◆ **Exercise aim**
The printed result should hold only the lines from the opening of the data through the line bearing "- È essenziale", exactly as given and without pictures.

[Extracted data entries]
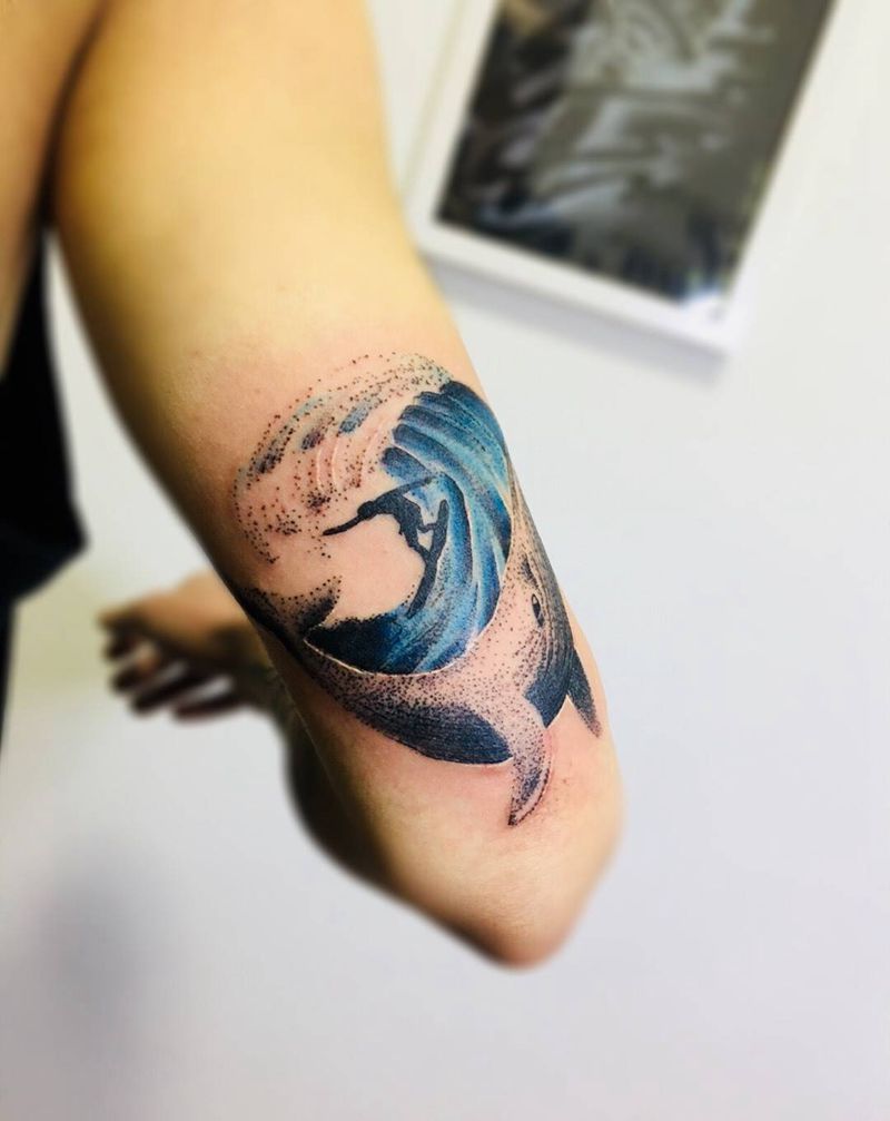 人。鲸纹身图片_成品手臂动物清新纹身图案
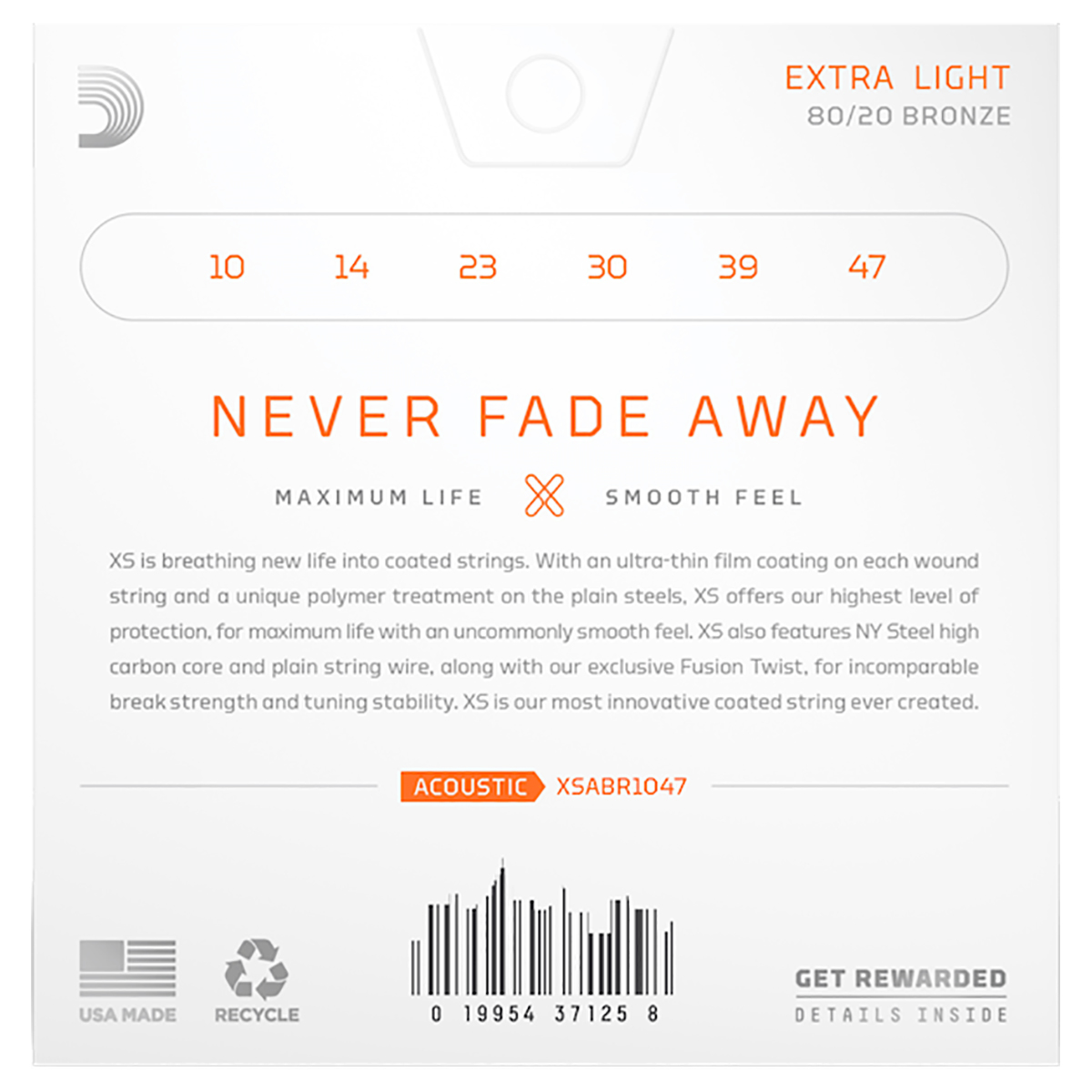 XS está dando nueva vida a las cuerdas recubiertas. Con su revestimiento de película ultra delgada en cada cuerda enrollada y un tratamiento de polímetro único en los aceros simples, XS ofrece el más alto nivel de protección para una vida útil máxima con una sensación de suavidad poco común, XS es la cuerda más innovadora jamás creada.
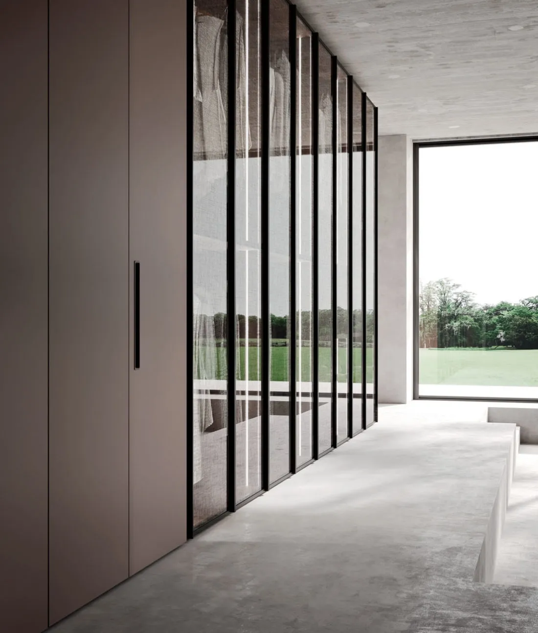 - È essenziale considerare il numero di ante di un'armadiatura prima di acquistarne uno, in quanto dalle misure dell'arredamento dipenderà la migliore ottimizzazione dei locali: il modello Armadio battente anta glass ha otto ante.
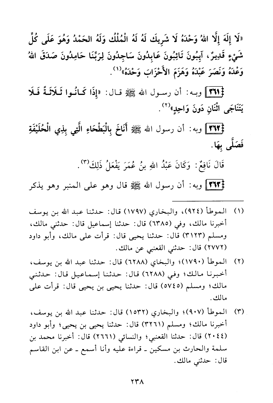 (¬3) الموطأ (907)؛ والبخاريُّ (1532) قال: حدثنا عبد الله بن يوسف، أخبرنا مالك؛ ومسلمٌ (3261) قال: حدثنا يحيى بن يحيى؛ وأبو داود (2044) قال: حدثنا القعنبي؛ والنسائيُّ (2661) قال: أخبرنا محمد بن سلمة والحارث بن مسكين -قراءة عليه وأنا أسمع- عن ابن القاسم قال: حدثني مالك.
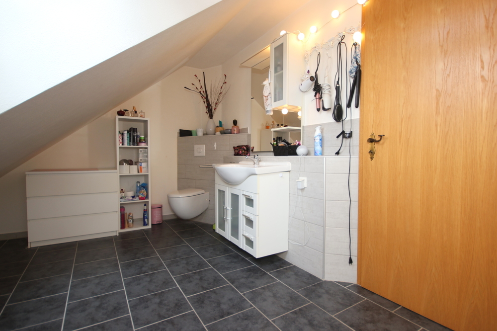 Im Dachgeschoss finden Sie ein großes Elternschlafzimmer mit einem urigen Kaminofen, ein Arbeitszimmer sowie ein weiteres Badezimmer.
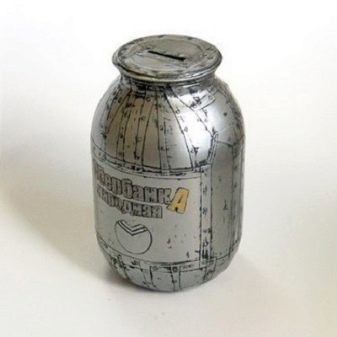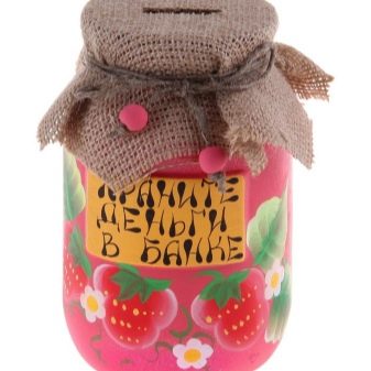 The jar can be taken in either glass or plastic, but transparent and preferably with a screw cap. Glue the jar itself with various decorative elements, be sure to decorate the lid. In the latter, make a hole sufficient for the free passage of money.
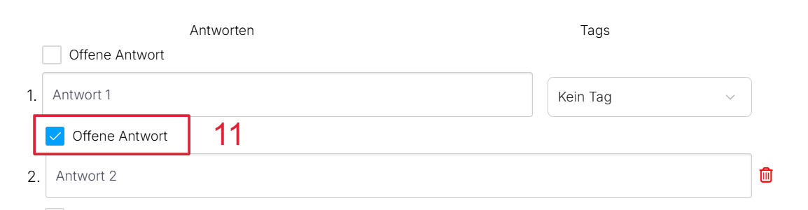 Hinweis: Es ist nicht möglich, für „Offene Antworten“ einen Tag zu vergeben.
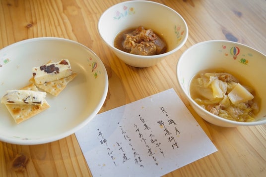 月ヶ瀬小学校の給食室の器に盛った中山氏による『月ヶ瀬産野菜料理』白菜・大和ポーク・うすあげの煮物
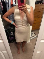 I loved this dress because it was stretchy and fit right over my bump! Made me still feel stylish and cute for lunch with the girls. I did size up 2 sizes from my normal size since I’m 35 weeks pregnant
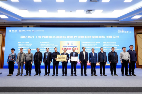 国防科技工业后勤服务创新联盟理事长宫殿荣、联盟常务副理事长高国军,向通用技术航天医科航天中心医院颁授“国防科技工业后勤服务创新联盟——医疗健康服务保障单位”牌匾及证书。联盟的部分成员单位领导和代表共同见证授牌仪式。
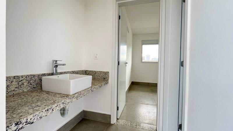Lavabo com pia em cuba de apoio e bancada em granito
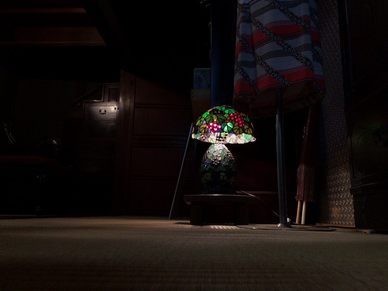 光と影と色とそこにあるモノたちを最大限に活かした、完成度のとても高い「写真作品」です。大人をゆうに超える秀逸さがあります。水平と垂直の基本はもちろん、中心となるステンドグラスの照明をあえてほんの少し中心からずらし、左奥には棚の取っ手をぽつんと浮かび上がらせることで奥行き感を構成しながら、その暗い余白のなかに、床に落ちる光と影のさまざまな濃淡や形、漏れ出る光によってかすかに存在を認められるモノたちを取り込む視点。ただ単に美しいというだけではない、ここに確かにある、人の静かな息遣いや温度感がしっとりと醸し出されています。
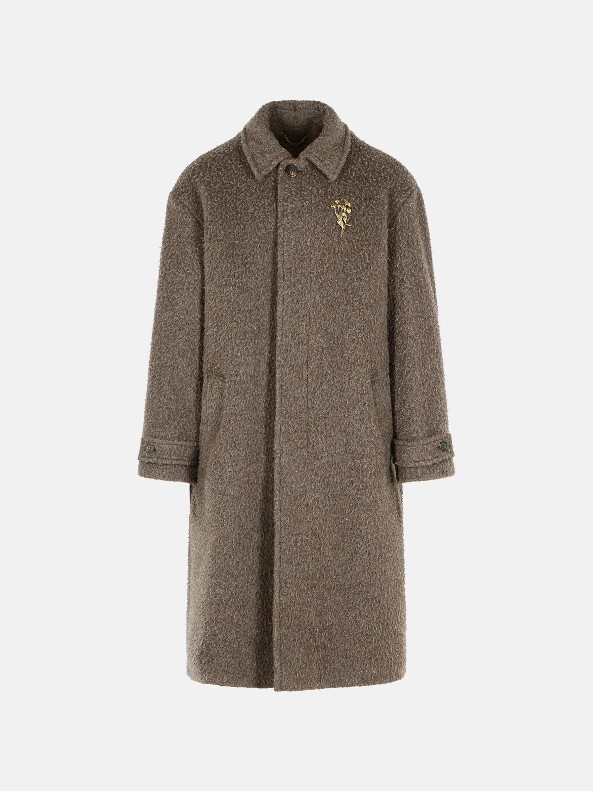 Manufacture code: GMP02344.P002091 60184 Retail code: GMP02344.P002091 60184 Wide collar, concealed button closure, metal brooch on the chest, side welt pockets, adjustable wrist with buttons, back slit hem Main: 50% virgin wool, 33% mohair, 17% nylon Made in Italy
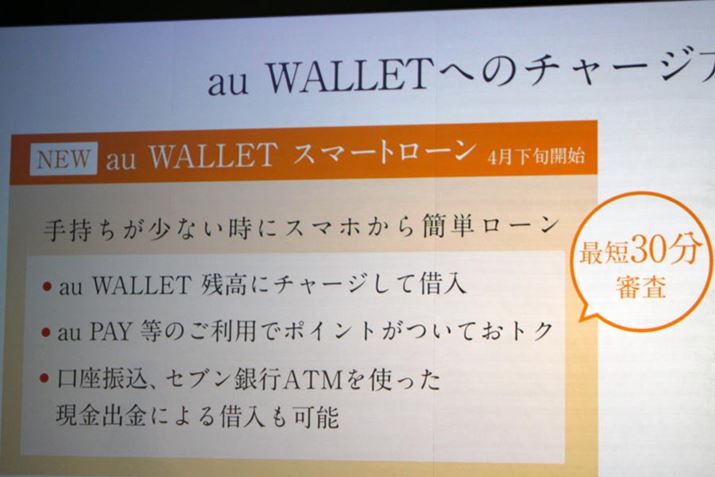手持ちのポイントが少ない場合、ローンでチャージを行う「au WALLETスマートローン」も用意。サービス開始は4月下旬の予定だ
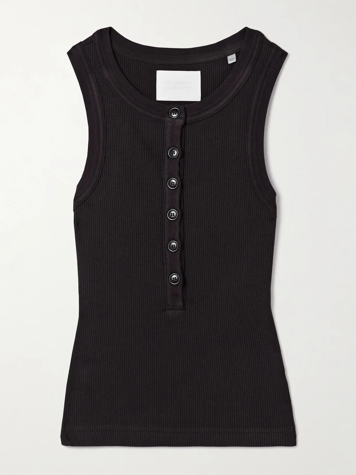 Citizens of Humanity's 'Caralyn' tank is made from jersey that's blended with plenty of organic cotton for softness. It's ribbed to accentuate the close fit and has a row of buttons along the placket, so you can customize the neckline. Lower-Impact Materials. This product is made using at least 50% lower-impact materials or ingredients. Find out more about our NET SUSTAIN criteria here.
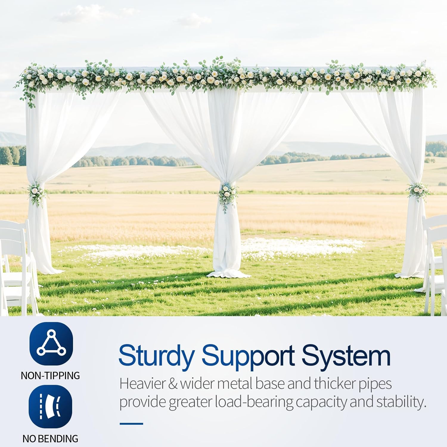 - 【Multiple Application】 Perfect for wedding, parties, birthday, photography, photo shooting, baby shower, exhibition, trade show, video studio, bid events and more indoor or outdoor occasions. You can hang curtains, backdrops, balloons, flower walls, vine walls, string lights and other decorations.
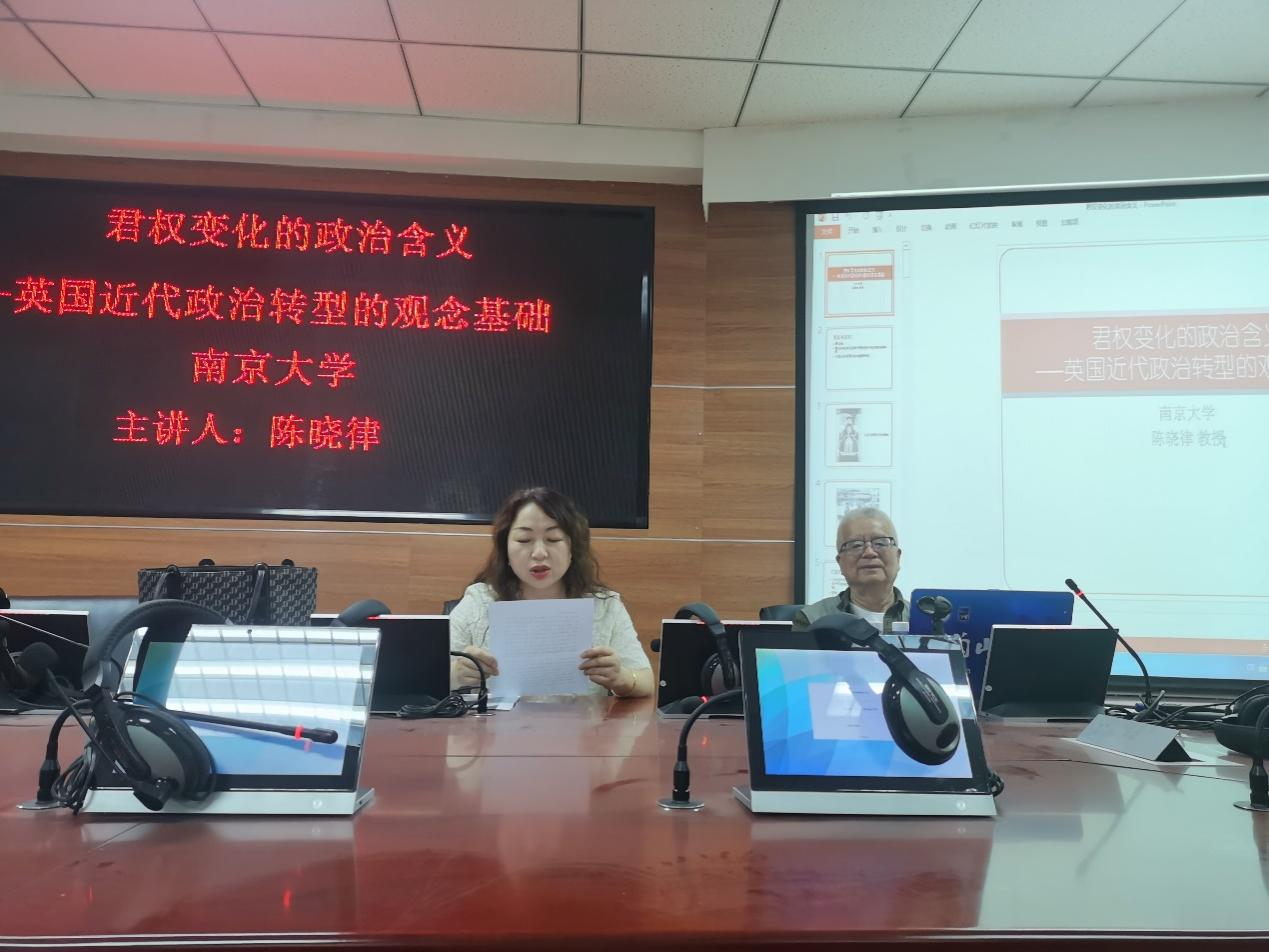党总支书记冯璐璐教授进行了总结发言,冯璐璐教授表示,陈教授本次讲座的意义在于弥补了我们在世界历史方面的欠缺。反观英国的君主制,中东国家也有许多君主制国家, 诸如海湾国家、约旦、摩洛哥等,陈教授的研究对理解中东的君主制有很大的启发意义和方法论的指导意义。她代表与会师生对陈晓律教授的精彩讲座表示感谢。
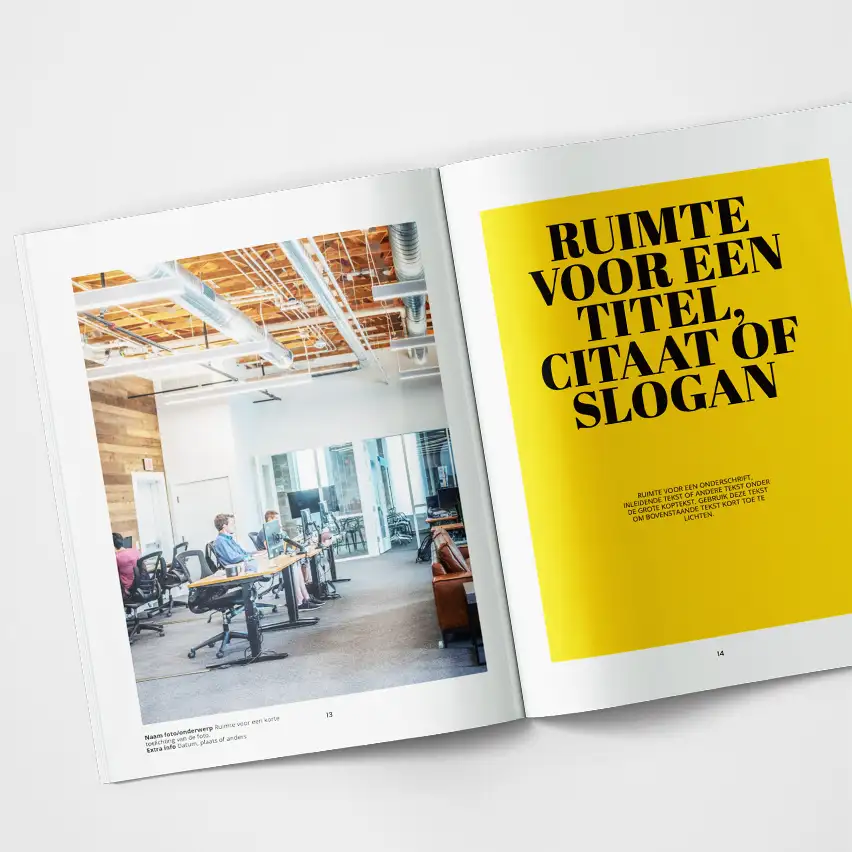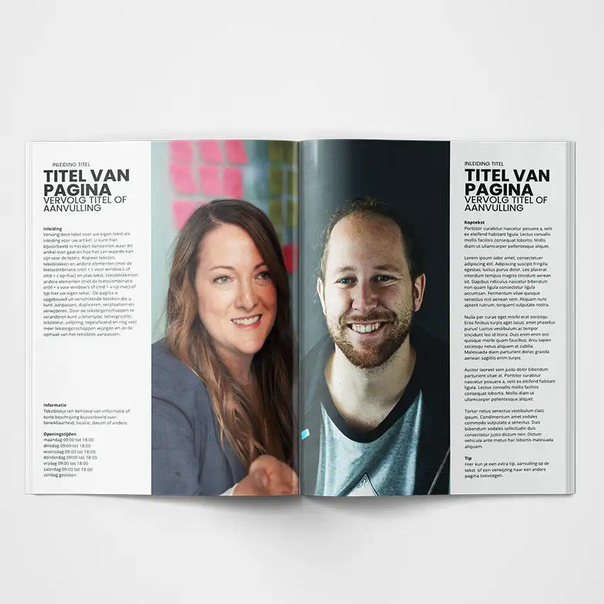 In dit personeelsmagazine template zijn de pagina’s met zorg vormgegeven. U hoeft u alleen uw teksten en foto’s te plaatsen in de tekst- en fotoblokken. U vindt veel verschillende soorten pagina’s die u helemaal kunt aanpassen naar uw wensen. U kiest er ook zelf voor welke pagina’s u gebruikt door pagina’s te dupliceren of te verwijderen.
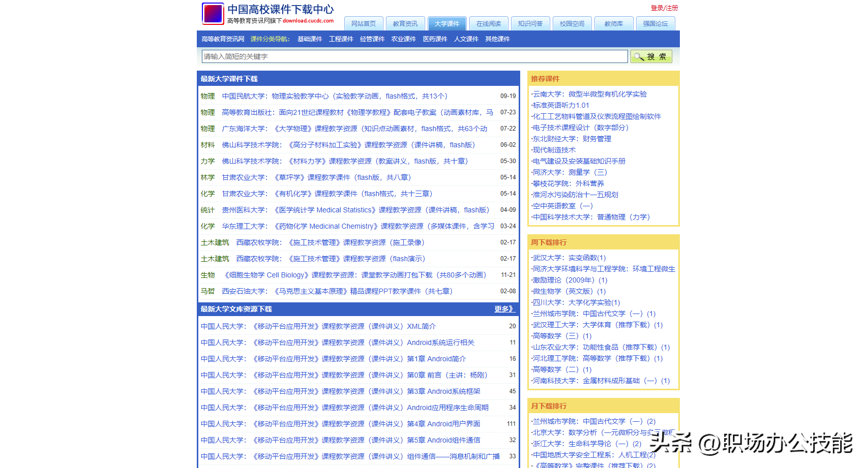 一个专门分享大学课件的网站,包括基础课件、工程课件、经管课件、医药课件、人文课件等等,除了按照课件类型查看之外,还可以根据学校搜索课件。

◆ **Solution**
 人。鲸纹身图片_成品手臂动物清新纹身图案
 XS está dando nueva vida a las cuerdas recubiertas. Con su revestimiento de película ultra delgada en cada cuerda enrollada y un tratamiento de polímetro único en los aceros simples, XS ofrece el más alto nivel de protección para una vida útil máxima con una sensación de suavidad poco común, XS es la cuerda más innovadora jamás creada.
 - È essenziale considerare il numero di ante di un'armadiatura prima di acquistarne uno, in quanto dalle misure dell'arredamento dipenderà la migliore ottimizzazione dei locali: il modello Armadio battente anta glass ha otto ante.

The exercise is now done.